Thoroughbred Conditioning and the Bathtub Analogy

Think of your thoroughbred as having millions of tiny bathtubs in each of his muscles. Inside this bathtub is where lactic acid accumulates during exercise. The floor outside of the bathtub can serve as the muscles themselves. Analogy-time:

When you begin exercise, the faucet is turned on and the tub begins to fill with lactic acid. The drain in the bottom is open – constantly removing lactic acid from the tub – some is being neutralized, and some is being recycled to provide energy. Both good things, as science is finally starting to recognize that lactic acid by itself is not all bad.

If the intensity of exercise is kept low, the drain is able to remove most of the lactic acid filling the tub, as the faucet itself is not turned on full blast just yet, but more of a dripping is taking place. Think a jog or slow canter for most sound horses. But that is not interesting, what takes place as exercise intensity increases is where the magic happens.

Let’s pick up the pace for our fictional racehorse, who we’ll anoint a stakes quality athlete, not graded stakes, but a step above the allowance level. As he approaches the 2:00 minute lick/15sec to the furlong speed barrier, that faucet starts to increase its flow rate – filling up the tub quicker than the drain can reduce the rising level of lactic acid. As he rounds the final turn and is allowed to pick up the speed a bit down the stretch this morning, he approaches the 12-13sec/furlong barrier, and the lactic acid level soon overwhelms the tub and spills onto the floor of the bathroom, bathing the muscles in a highly acidic environment. Depending upon his anaerobic fitness, fatigue sets in soon thereafter – and the stride becomes shortened.

The bigger the bathtub, the bigger the drain – the longer our horse can stave off fatigue due to lactic acid accumulation and protect the muscles from the flood of hydrogen ions that interfere with muscular contraction and athletic performance.
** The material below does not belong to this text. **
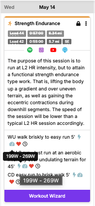 I noticed that my planned Strength Endurance session today had different target ranges than in the past. Specifically that they now go from Z2 to Z3b.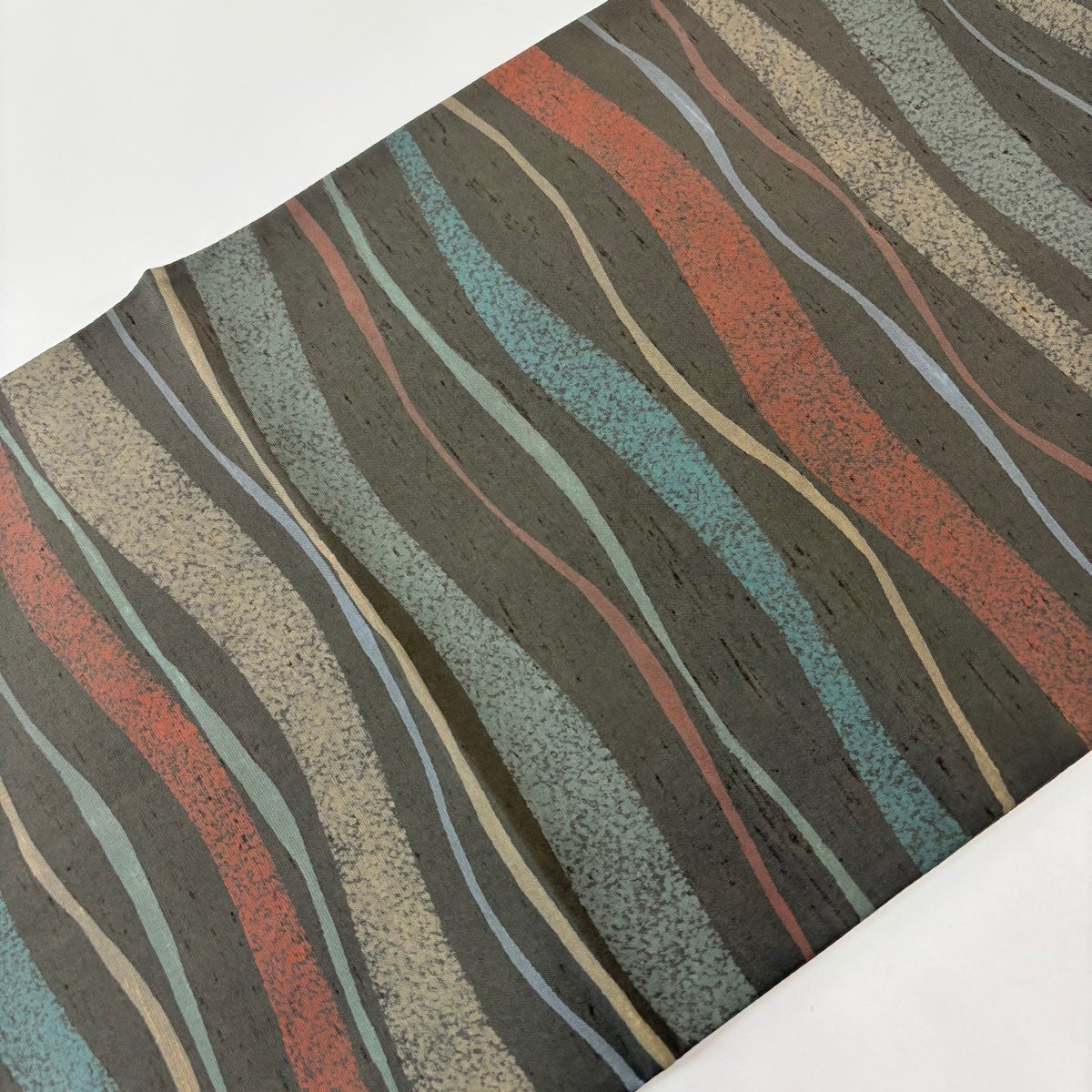 袋帯 逸品 落款あり 牛首紬地 よろけ縞 波 深緑 全通 正絹

So how do you turn a tiny apartment bathtub into a big 8 person jacuzzi?

Simple. You exercise at the intensity that keeps that tub nearly full of lactic acid, but not so fast that the spillover occurs. The body’s natural response in this scenario is to increase the size of the bathtub in question, as well as increasing the size of the drain to neutralize/remove lactate. This takes place just before OBLA – or the onset of blood lactate accumulation. For most horses, this takes place around 85% of the maximal heart rate, or 85% of the aerobic capacity. It is this intensity of effort that generally leads to a blood lactate level of 4mmol in the bloodstream – any greater metabolic effort and lactic acid begins to accumulate exponentially.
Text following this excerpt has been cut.